_DATASET EXCERPTS_:
┌────────

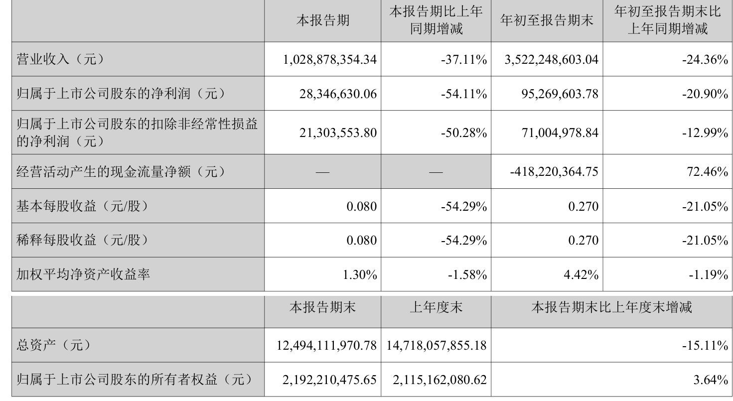 中证智能财讯高新发展(000628)10月31日披露2025年第三季度报告。前三季度公司实现营业总收入35.22亿元,同比下降24.36%;归母净利润9526.96万元,同比下降20.90%;扣非净利润7100.5万元,同比下降12.99%;经营活动产生的现金流量净额为-4.18亿元,上年同期为-15.19亿元;报告期内,高新发展基本每股收益为0.27元,加权平均净资产收益率为4.42%。
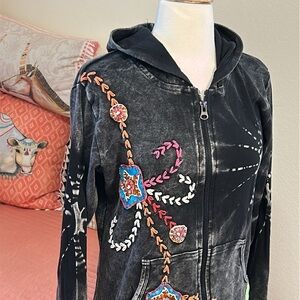 This fabulous Rising Intentional distressed look boho zip front jacket hoodie with multi-color appliques adorning the front. Made in Nepal fantastic attention to detail in excellent pre-loved condition.
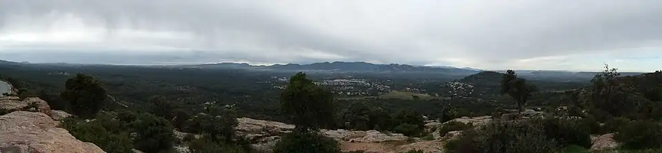 Panoramique sur l'embouchure de l'Argens, de Fréjus au rocher de Roquebrune. Au premier plan, le village de la Bouverie.
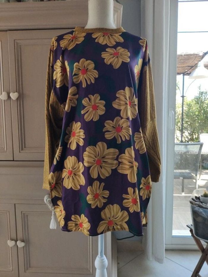 Robe grosse fleurs et manches doré taille 42 Wiya
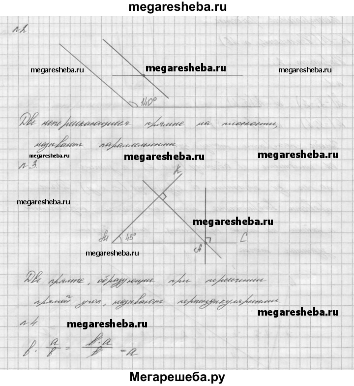 1. На координатной плоскости проведите прямую MN через точки М (-4; -2) и N (5; 4) и отрезок KD, соединяющий точки К (-9; 4) и D (-6; -8). Найдите координаты точки пересечения отрезка KD и прямой MN. 2. Постройте угол, равный 140°. Отметьте внутри этого угла точку и проведите через нее прямые, параллельные сторонам угла. 3. Постройте угол СМК, равный 45°. Отметьте на стороне МС точку А и проведите через нее прямые, перпендикулярные сторонам угла СМ К. 4. Делимое равно а, а делитель равен b (а и b не равны нулю). Чему будет равно произведение делителя и частного этих чисел?
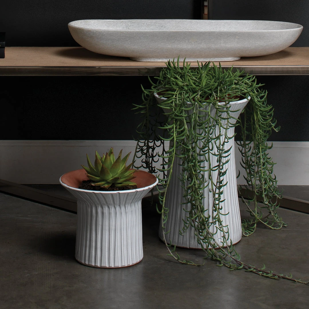 These decorative ceramics with the off white texture on the outside and terra cotta inside create beautiful handmade accents for your home.

└────────

_WHAT IS REQUIRED_: Retype exactly, and only, the lines from the one containing "Panoramique sur l'embouchure" through the end of the material, leaving aside every picture.

_ANSWER TO THE EXERCISE_:
 Panoramique sur l'embouchure de l'Argens, de Fréjus au rocher de Roquebrune. Au premier plan, le village de la Bouverie.
 Robe grosse fleurs et manches doré taille 42 Wiya
 1. На координатной плоскости проведите прямую MN через точки М (-4; -2) и N (5; 4) и отрезок KD, соединяющий точки К (-9; 4) и D (-6; -8). Найдите координаты точки пересечения отрезка KD и прямой MN. 2. Постройте угол, равный 140°. Отметьте внутри этого угла точку и проведите через нее прямые, параллельные сторонам угла. 3. Постройте угол СМК, равный 45°. Отметьте на стороне МС точку А и проведите через нее прямые, перпендикулярные сторонам угла СМ К. 4. Делимое равно а, а делитель равен b (а и b не равны нулю). Чему будет равно произведение делителя и частного этих чисел?
 These decorative ceramics with the off white texture on the outside and terra cotta inside create beautiful handmade accents for your home.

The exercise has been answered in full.